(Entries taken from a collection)
· · · · · · ·

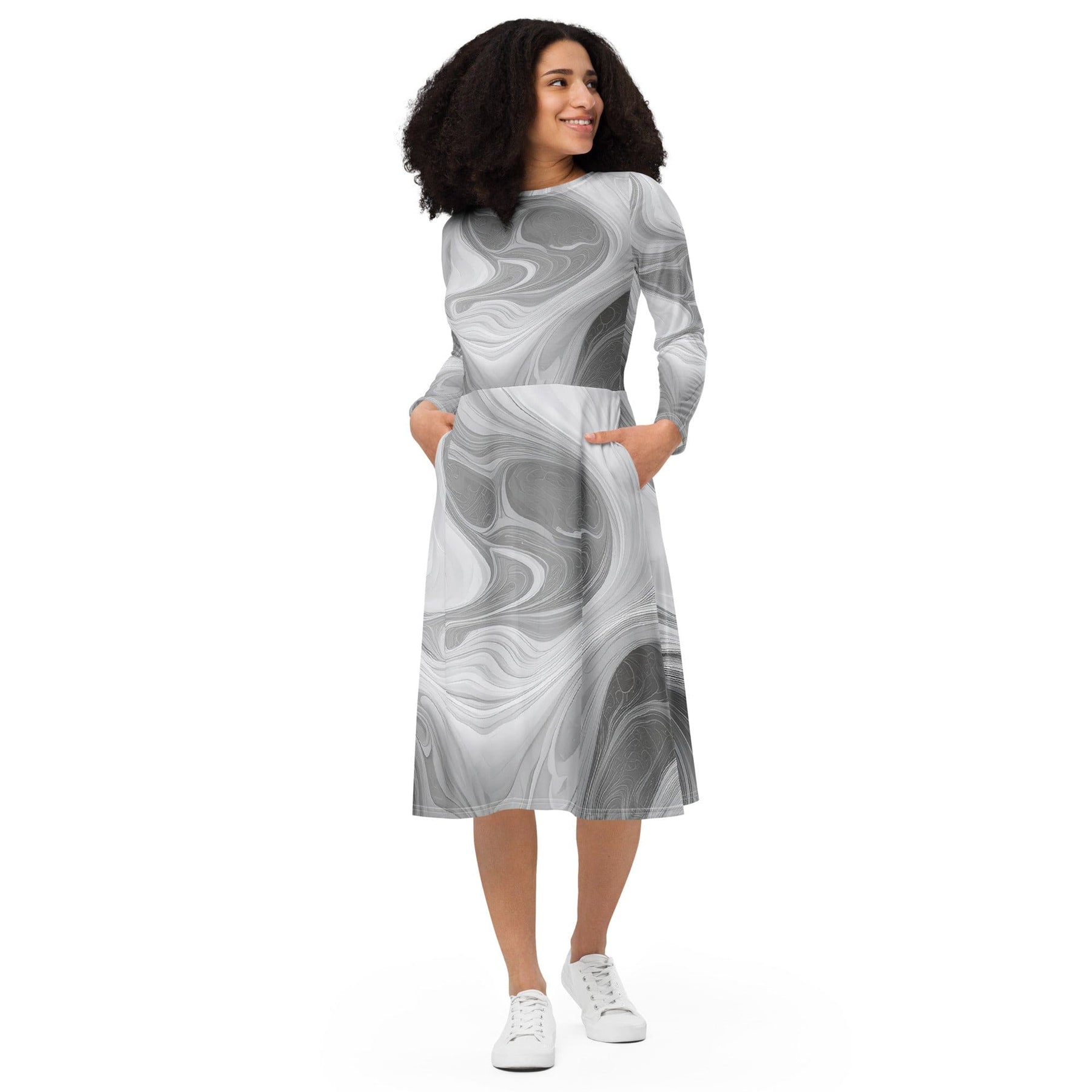 Womens Long Sleeve Midi Dress, Grey White BOHO Marble Print. Meet your new favorite dress! Its soft fabric and flattering cut will ensure you feel comfortable and feminine all day long. Plus, the fitted waist and flared bottom part of the dress will accentuate the wearer’s naturally beautiful silhouette. The best part about the dress? It. Has. Pockets.
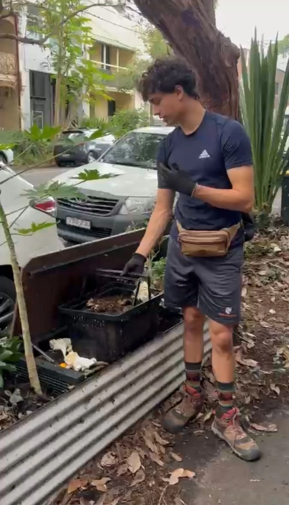 • T J demonstrating a compost option in a Chippendale footpath garden - a coolseat
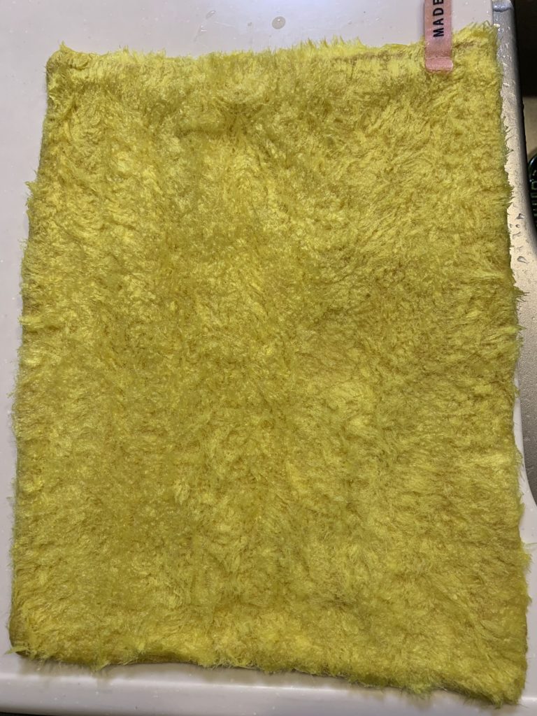 写真をよーく見るとわかるんですが、ところどころ薄くなっていて毛がない部分もあるくらい使い込んでるこのクロス。それでもまだまだ活躍してくれるし、臭くもなっていませんよ。写真を見るついでにチェックしてもらいたいんですが、毛足が長いです。濡れていないとアンゴラニットのようにフワフワしてます♪この毛足が長いのも汚れを取ってくれるのに役立ってるのかなって思います。
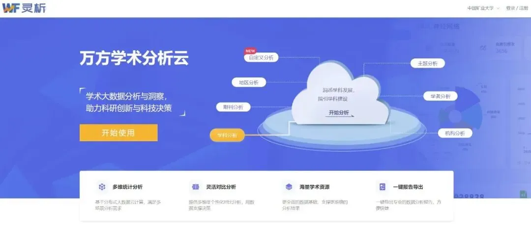 “灵析-万方数据学术大数据分析系统”依托万方知识服务平台的海量学术资源和第三方数据,利用大数据、知识图谱和可视化技术,针对主题、学者、机构、学科、期刊、地区等科研实体,提供多维度文献计量、个性化对比分析、智能化文献推荐、专业性报告导出等服务。另外,也支持对用户本地数据进行可视化分析。支持万方格式(将本地数据转为万方数据格式)、WOS格式、Scopus格式的数据上传,可以对万方数据与用户本地数据合并分析,保证分析结果的精准性。帮助科研人员轻松把握所关注主题的研究现状、监测与分析学者/机构的学术产出及科研能力、跟踪学科领域的发展动态、研究期刊的学术影响力、定位和分析地区的科研水平,为科学研究、科研决策、学科建设等提供数据支持和科学解决方案。
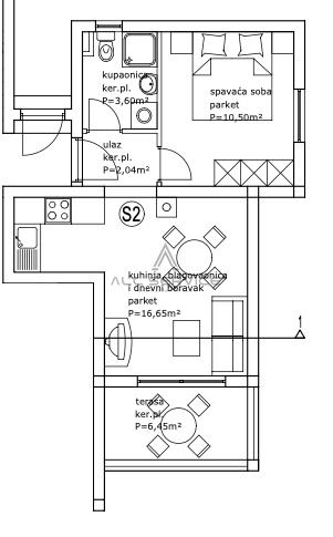 Stan se sastoji od ulaznog hodnika, prostranog dnevnog boravka i blagovaone, terase i spavaće sobe.
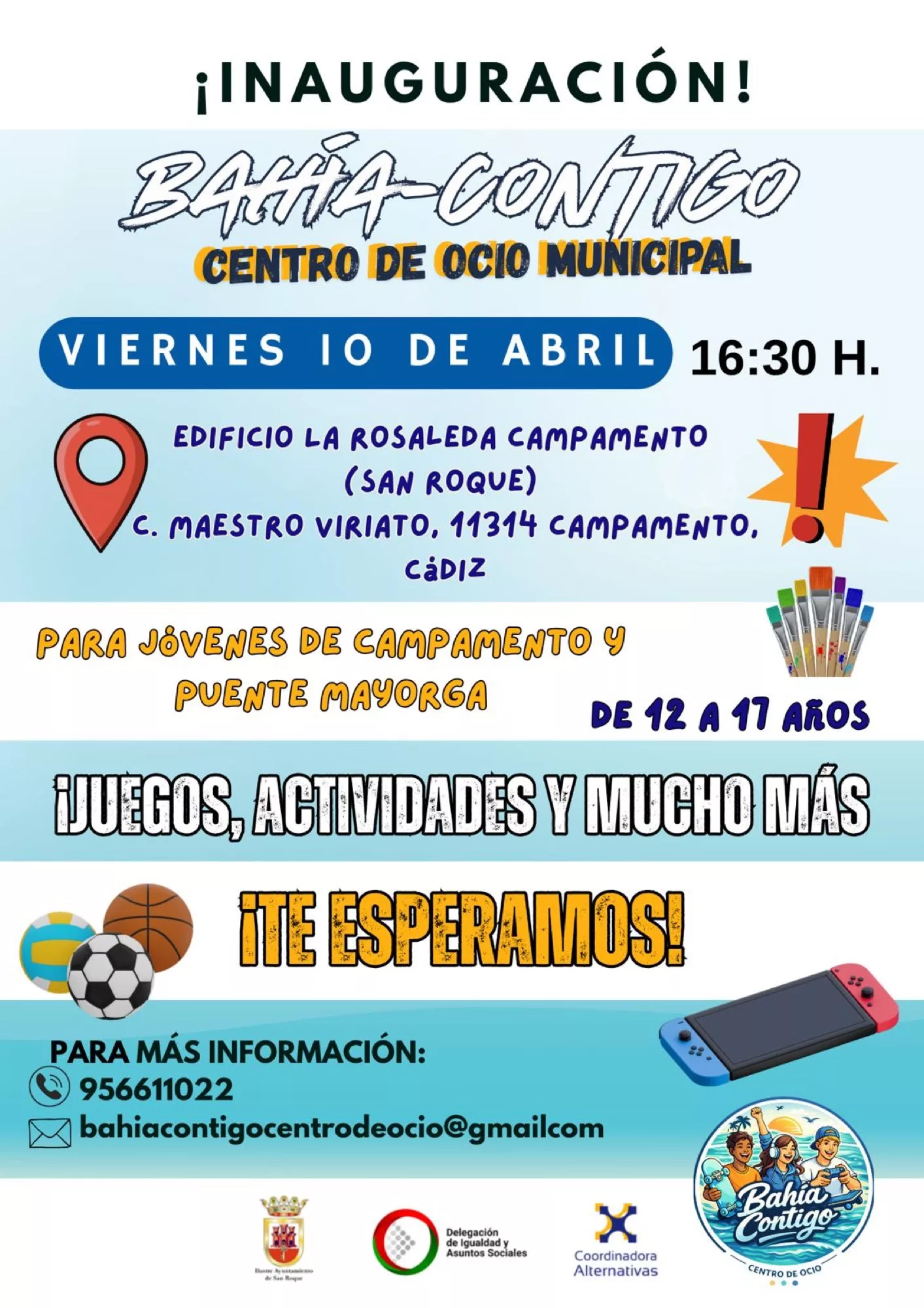 El pasado mes de febrero se firmó el convenio entre el Ayuntamiento de San Roque y la Coordinadora Alternativas para la puesta en marcha del centro de ocio seguro “Bahía-Contigo”, dirigido a la población de entre 12 y 17 años de las barriadas de Puente Mayorga, Campamento y Guadarranque. Este viernes a las 16.30 horas se procederá a la inauguración en el Edificio La Rosaleda de Campamento de este nuevo servicio municipal.
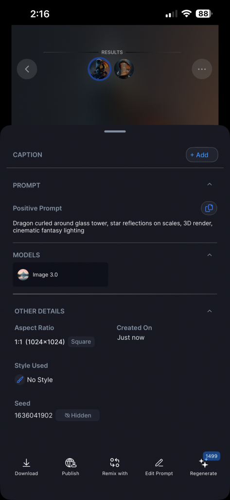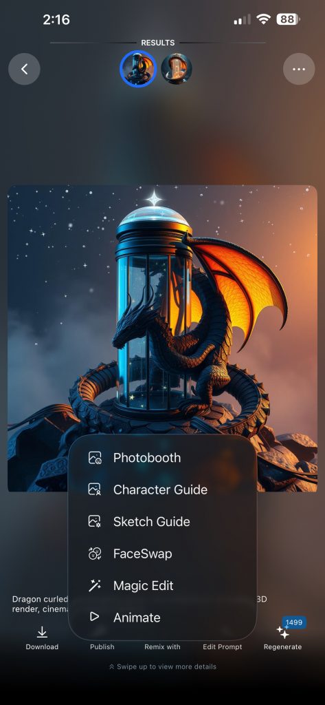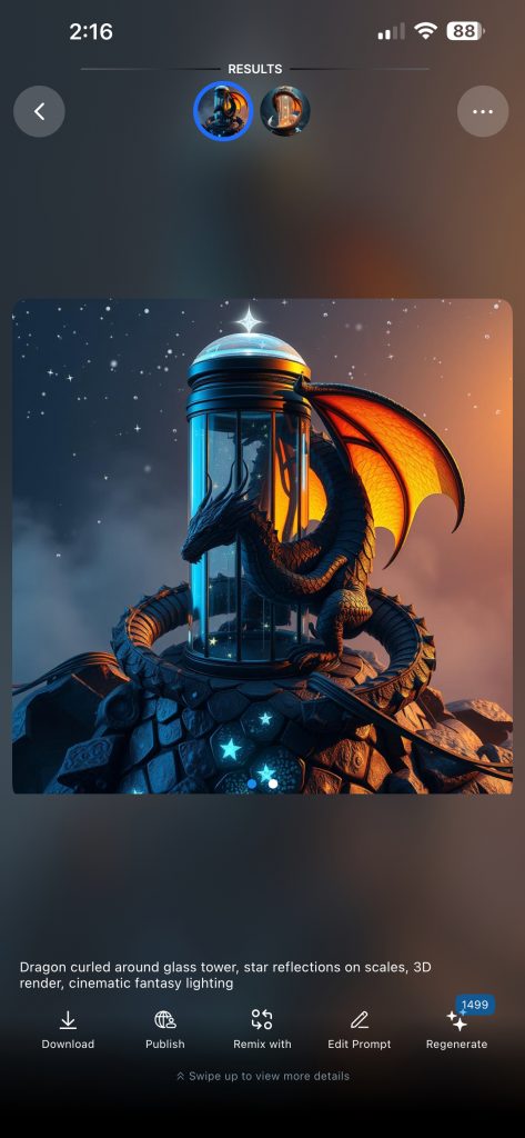 The new creation results screen brings more focus to the actual creation, which is now larger and more prominent. Swipe left and right to navigate between both creations, and swipe up to view the full details for the creations. Key actions like remixing, publishing and downloading are still one tap away, but are now consistently organized in the UI.
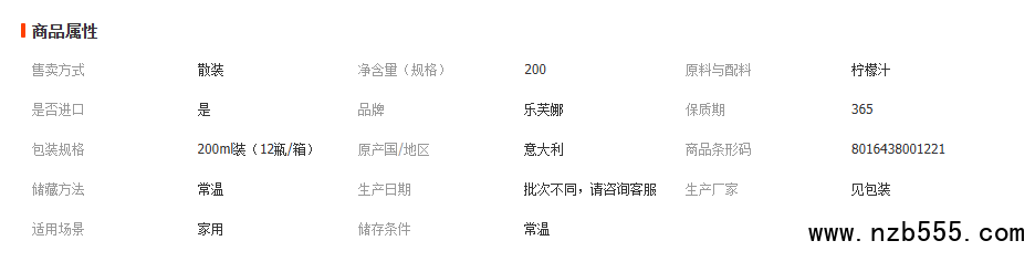 乐芙娜西西里黄柠檬汁 浓缩原汁蛋糕烘焙原料 原装200ml烘焙原料

· · · · · · ·

> Action item
Print exactly the lines from the first line of the records above through the line containing "写真をよーく見るとわかるんで", both included, and leave the pictures out.

> Task output
 Womens Long Sleeve Midi Dress, Grey White BOHO Marble Print. Meet your new favorite dress! Its soft fabric and flattering cut will ensure you feel comfortable and feminine all day long. Plus, the fitted waist and flared bottom part of the dress will accentuate the wearer’s naturally beautiful silhouette. The best part about the dress? It. Has. Pockets.
 • T J demonstrating a compost option in a Chippendale footpath garden - a coolseat
 写真をよーく見るとわかるんですが、ところどころ薄くなっていて毛がない部分もあるくらい使い込んでるこのクロス。それでもまだまだ活躍してくれるし、臭くもなっていませんよ。写真を見るついでにチェックしてもらいたいんですが、毛足が長いです。濡れていないとアンゴラニットのようにフワフワしてます♪この毛足が長いのも汚れを取ってくれるのに役立ってるのかなって思います。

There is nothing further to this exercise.